[Bardelys the Magnificent by Rafael Sabatini]@TWC D-Link bookBardelys the Magnificent CHAPTER IV 12/22
In addition to all this, I was shivering with the cold of my wet garments, and generally I must have looked as little like that Bardelys they called the Magnificent as you might well conceive.
How, then, if I were to knock, should I prevail in persuading these people--whoever they might be--of my identity? Infinitely more had I the air of some fugitive rebel, and it was more than probable that I should be kept in durance to be handed over to my friends the dragoons, if later they came to ride that way.
I was separated from those who knew me, and as things now stood--unless this were, indeed, Lavedan--it might be days before they found me again.

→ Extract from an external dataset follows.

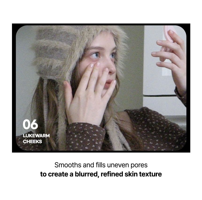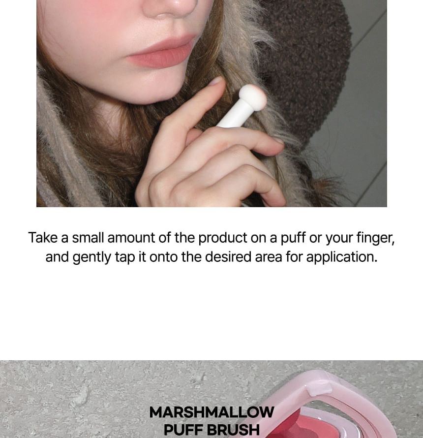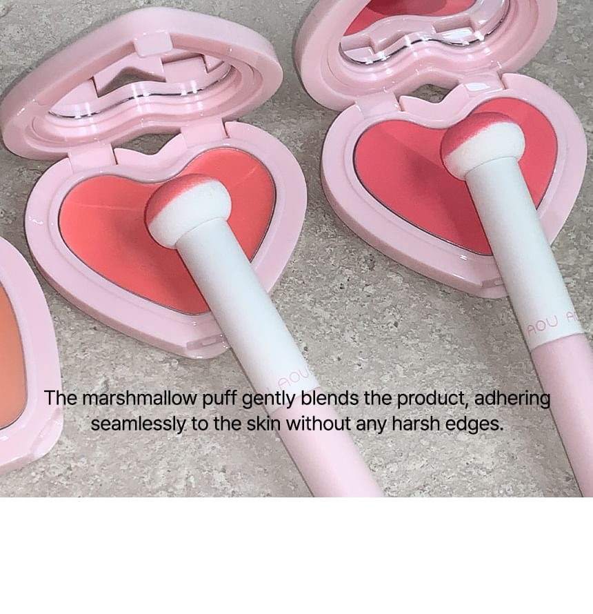 Use the AOU Marshmallow Puff Brush or fingertips to gently apply product to cheeks and blend evenly for a natural finish.

I was beginning to deplore my folly at having cut myself adrift from my followers in the first place, and having embroiled myself with the soldiers in the second; I was beginning to contemplate the wisdom of seeking some outhouse of this mansion wherein to lie until morning, when of a sudden a broad shaft of light, coming from one of the windows on the first floor, fell athwart the courtyard.
Instinctively I crouched back into the shadow of my friendly buttress, and looked up. That sudden shaft of light resulted from the withdrawal of the curtains that masked a window.
At this window, which opened outward on to a balcony; I now beheld--and to me it was as the vision of Beatrice may have been to Dante--the white figure of a woman.